There is now an international push for progression the most important question is how do you get agents to people after you get evidence of efficacy. has this been discussed enough
We should also watch to see what success the Wellcome Trust millions bring in terms of drugs to. People The repurposing scheme has come to a close. Having written to the section leaders a couple of weeks ago it was not clear that they had avision outside pharma. Maybe it is time to forward this link to your MP and get an answer about where yoi tax pounds are going because it is not a good use of resource in the trials can never be converted to patient beefit. This ossie is bigger than MS and if the charites got together to lobby government then it would be easy to get this debated and it would be easy to get a hundred thousand signatires
There's a lot in here to consider. I can't speak for my NHS employers, so this is a personal view. First, have a look at the European Medicines Agency's webpage on Adaptive Licensing. It's a pilot under which they work with you to streamline the work needed for a licence by telling you in advance what they can accept and allowing adaptation of work midstream. Second, the BNF price is not the price that NHS hospitals pay – it's the price in the community (more or less). The hospital price of simvastatin 80mg is about half that. On the question of whether the NHS will allow the use of unlicensed medicines, it always has and always will. About a third of the medicines used in paediatrics are unlicensed or used outside their licence (which is the case here – simvastatin is licensed, but not for this use). Finally (for now) NIHR (http://www.nets.nihr.ac.uk/faqs/eligibility) has a route to funds for non-profit research. They work closely with NICE to fill in research gaps. I would argue that full phase III may not be needed. What you need is sufficient evidence to make the prescribing of a statin in a defined group of patients into a medically respectable option. The licence provides some legal protection but so does the Bolam principle where no licence exists (which is – broadly – that what you're doing is what a respectable body of your peers would do). So if MS specialists collectively agree the evidence is strong enough to justify a practice, they then need to satisfy NHS commissioners who – given the relatively low cost – may well agree to support it.

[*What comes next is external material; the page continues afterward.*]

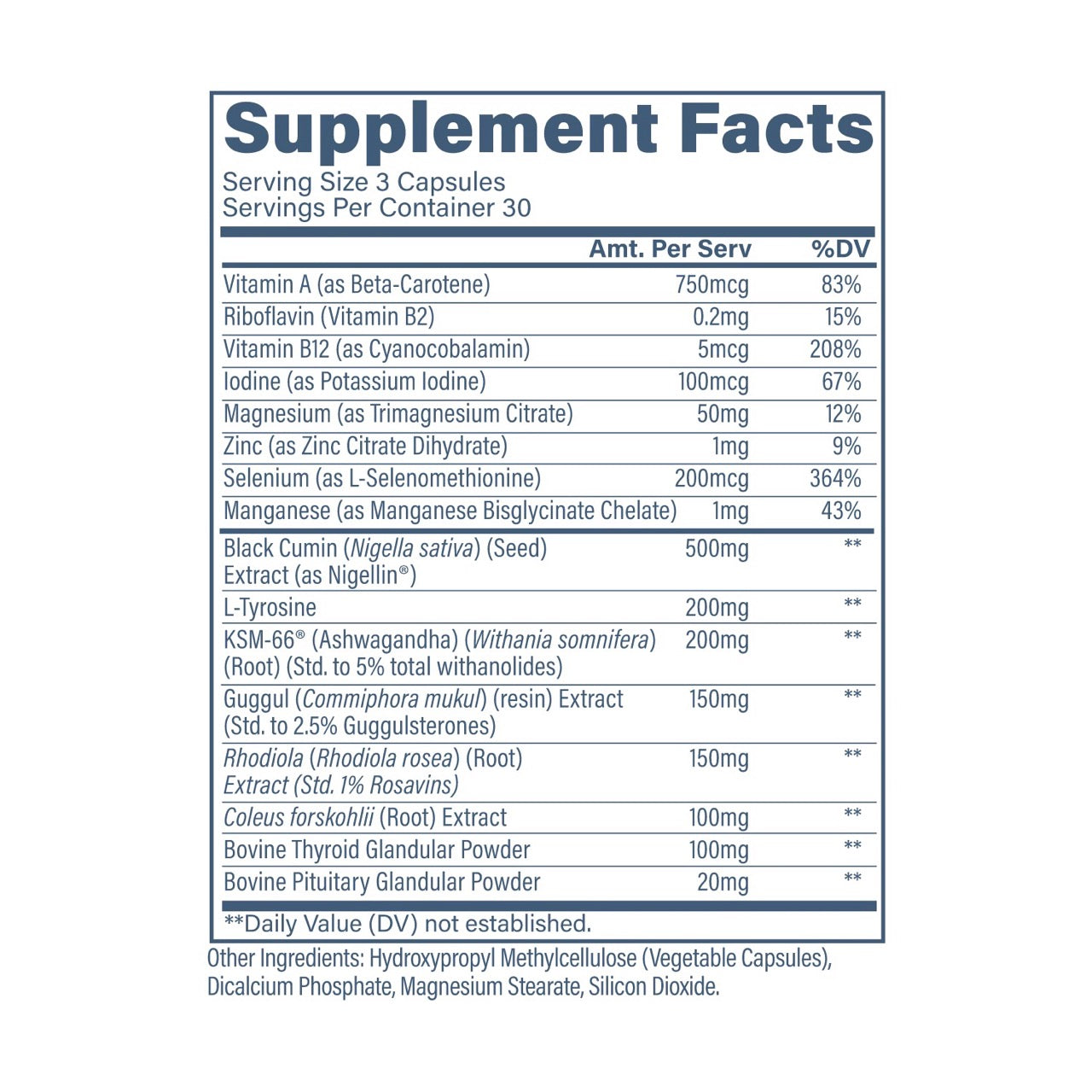 Revive Supplements Thyroid Support formula contains key ingredients for healthy thyroid function including iodine and tyrosine which the body uses to manufacture thyroid hormones (T3 and T4). In addition, our thyroid support formula includes minerals like selenium and zinc which are used in the conversion of T3 to T4

What happens when a licensed product exists and how many trials are needed can you have one system for pharma and another for academics?
The adaptive licensing has just been announced by the EMA and is an approach for companiesThis appears to start with the early authorization of a medicine in a restricted patient population, followed by iterative phases of evidence gathering and adaptations of the marketing authorization to expand access to the medicine to broader patient populations.
I wonder how much this help from the EMA costs? or is this part of their £30,000 fee?
"So if MS specialists agree"……Have you tried to herd cats? :-)Actually there is UK Clinical Trial Network and they do indeed work together
There are some who propose that statins work because they are vitamin d analogues or allow the body to recycle vitamin d, not because of there effect on cholesterol. Any thoughts?
There are other mechanisms independent of cholesterol, implecated such as isoprenoid precursors which affect the Rho pathways there are others
http://star.psy.ohio-state.edu/coglab/Miracle.htmlThis mechanism seems plausible:-)
My husband takes 80mg of Simvastatin to reduce his cholesterol level and doesn't appear to have any adverse effects.My son has PPMS and so far no treatment other than physiotherapy.How can he get on a trial for Simvastatin?